Among Worlds - Trouble I've Seen - March 2021

Page 20

Ukulele Therapy

I picked up the ukulele. It helped me lay down my trauma.

By Rebecca Hopkins

I

got it for free from another American expat friend who was moving away from our shared town of Palangkaraya, Indonesia. It was in her pile of faded clothes and no-longer-used DUPLOs—things that weren’t worth packing up and moving. I thought it was just a small toy guitar for kids. I brought it home and it mostly sat against a wall, plucked at occasionally by one of my kids or their friends, its strings sounding off-key and rude. Then a few months later, when I had just a little breather from homeschooling my kids and hosting house guests, I picked it up. I had my reasons to try something new. Actually, I had quite a long list.
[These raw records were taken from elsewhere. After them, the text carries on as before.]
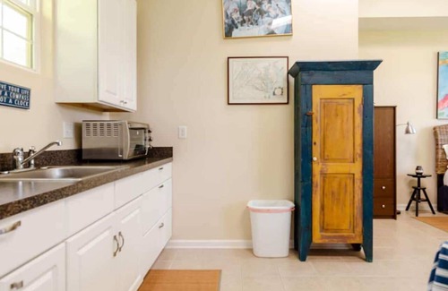 Our comfortable and relaxing studio is a quiet retreat with a fantastic view while still only a 30 minute drive to Annapolis, and an hour drive to Washington DC or Baltimore. Situated in a charming waterfront and sailing community, this separate and private unit has: parking, 1 bath, queen bed, kitchen(limited), high speed Wi-Fi and Bluetooth speaker. Wake up to the cluck cluck of our four resident chickens who are tucked away in their attractive coop.
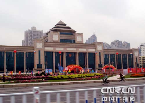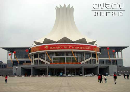 駛離青秀山風(fēng)景區(qū),記者一行驅(qū)車最后來到南寧國際會展中心。南寧會展中心是中國--東盟博覽會永久會址,由德國gmp設(shè)計公司和廣西建筑綜合設(shè)計研究院合作設(shè)計。主建筑設(shè)計獨具匠心,構(gòu)思巧妙,依山就勢而建,顯得氣勢恢弘。會展中心正面懸掛著中英文的“熱烈慶祝廣西自治區(qū)成立50周年”的巨大橫幅異常醒目,透著一股節(jié)日即將來臨的喜慶氣氛。
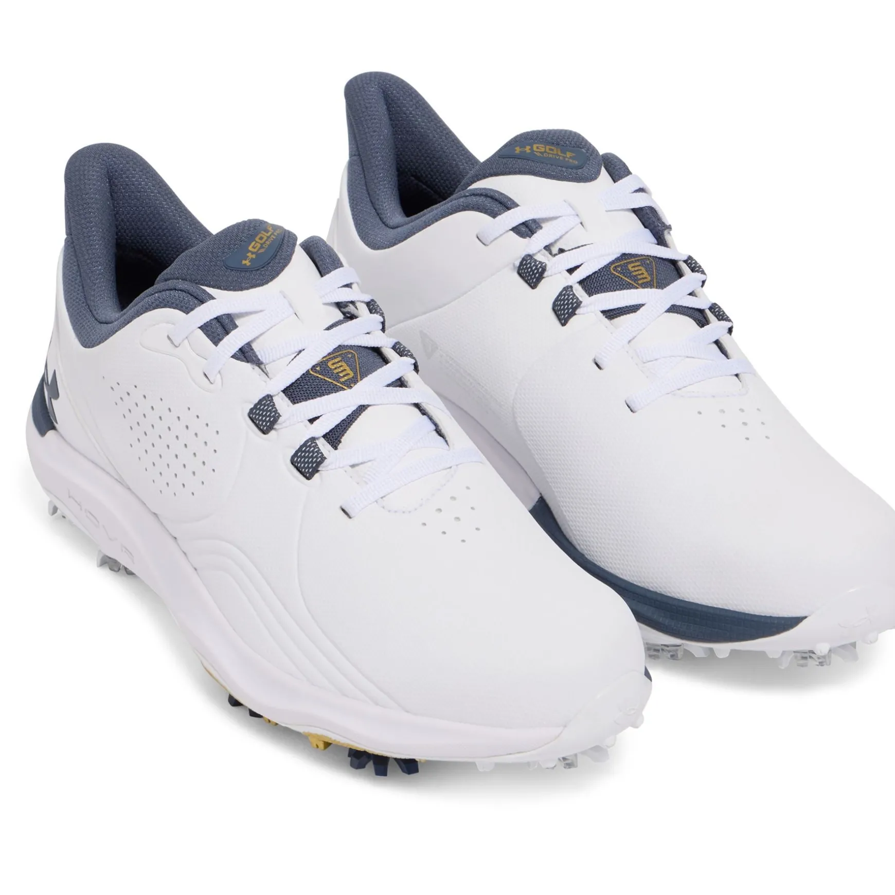 The Drive Pro Wide Golf Shoes in White/Metallic Gold/Downpour Grey are expertly designed to enhance your performance on the course, offering superior traction, cushioning, and biomechanical support. Built specifically for wide feet, these shoes feature advanced UA Swing Support System (S3) technology, responsive cushioning, and water-resistant construction to ensure comfort and stability throughout your round. With a sleek design and premium materials, they bring both style and function to your game.
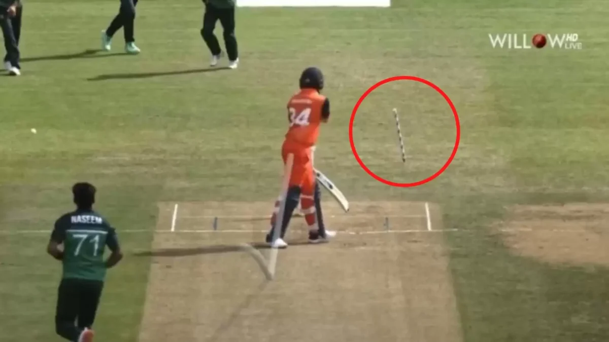 Pakistan played their second ODI against the Netherlands and the hosts chose to bat first. Netherlands were only able to put up a below-par score of 186, thanks to stable knocks from Bas de Leed and Tom Cooper. The hosts had a rocky start and were already 3 wickets down at the score of 8. However, what stood out was Wesley Barresi’s wicket. Pakistani fast bowler Naseem Shah sent Barresi’s stumps flying with his brilliant delivery. As Barresi attempted to drive, Naseem threw the ball around off and it quickly turned sharply back in.
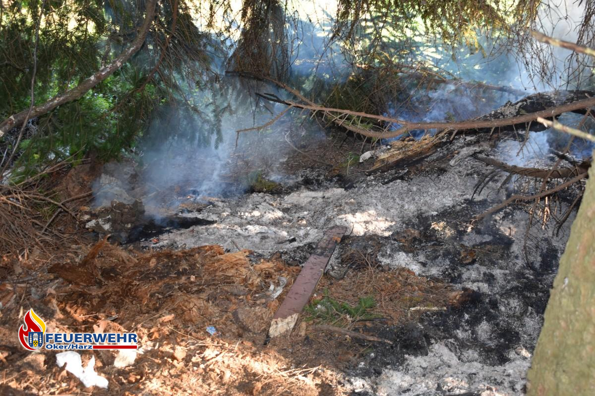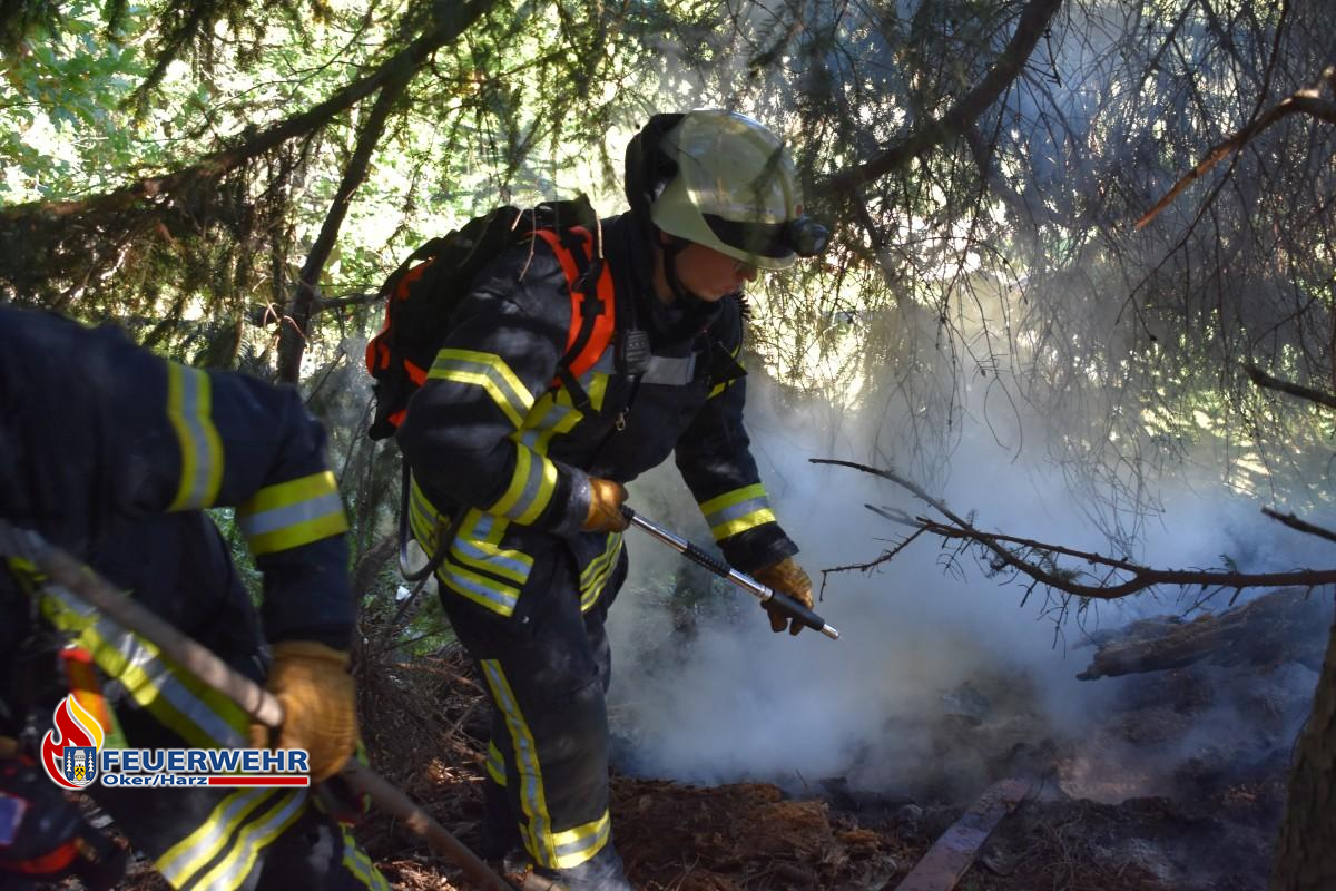 Am Sonntagmorgen wurde der Feuerwehrleitstelle ein Flächenbrand am Waldrand der Adenbergsiedlung in Richtung Göttingerode gemeldet. Um 9.53 Uhr erfolgte die Alarmierung der Ortsfeuerwehr Oker. Das erste Löschfahrzeug lokalisierte, von der Straße "Schrevenwiesen" aus, die Rauchentwicklung am oberen Ende, der bei Okeranern als "Kuhkoppel" bekannten, Wiesenfläche. Zur Erkundung der Zuwegung fuhr zuerst der Ortsbrandmeister Florian Rowold mit dem Mannschaftstransportwagen in den Waldweg. Anschließend wurden die Löschfahrzeuge in den Waldweg geordert. Am Waldrand brannte eine Vegetationsfläche von zirka zehn Quadratmetern. Erste Flammen wurden mit dem Löschrucksack abgelöscht. Für die weiteren Löscharbeiten wurde eine 75 Meter lange Schlauchleitung aufgebaut und die Brandfläche mit zwei D-Strahlrohren abgelöscht. Für die aufwendigen Nachlöscharbeiten wurden einige verbrannte Äste entfernt und der Waldboden umgegraben, so dass keine Glutnester übrig blieben. Nach rund einer Stunde war der Einsatz für die Feuerwehr beendet.

In the past handful of years, we’d been through crisis after crisis: an airplane accident, an evacuation, life-threatening emergency surgery for our three-year-old son, and the death of a close friend in my husband’s arms. While the various moments of trauma were over, I was on edge and couldn’t sleep. Some days I could barely breathe. Somehow, I figured out it was a real instrument, that it had a name—that it was actually a ukulele, and that it could be tuned and learned. 19

Among Worlds

And now that it had a name, it seemed like this tiny instrument deserved a chance to be heard. YouTube could teach me how to tune it. It showed me chords and songs. And with softer and fewer strings, YouTube argued, it’s easier to learn than a guitar. Softer and fewer. Just what I needed. Music had been a childhood friend of mine. As a kid in America, I learned piano from nearly a dozen different teachers because I moved a lot. And I lived in an Army community that moved a lot—my piano teachers moved, too, even during the years when I didn’t. Thankfully, my piano went with us, bouncing in huge moving trucks that knocked its notes out of tune as it crossed state lines. I could play that piano loud and hard, or soft and smooth, and these methods all had gorgeous Italian names. I couldn’t have put this into words as a kid, but I was trying to make sense of a transitory life by playing the orderly Bach inventions. And I was grieving lost friends and homes by leaning into the dramatic arabesques. And I was figuring out who I was by connecting to something beyond myself and something deep within myself.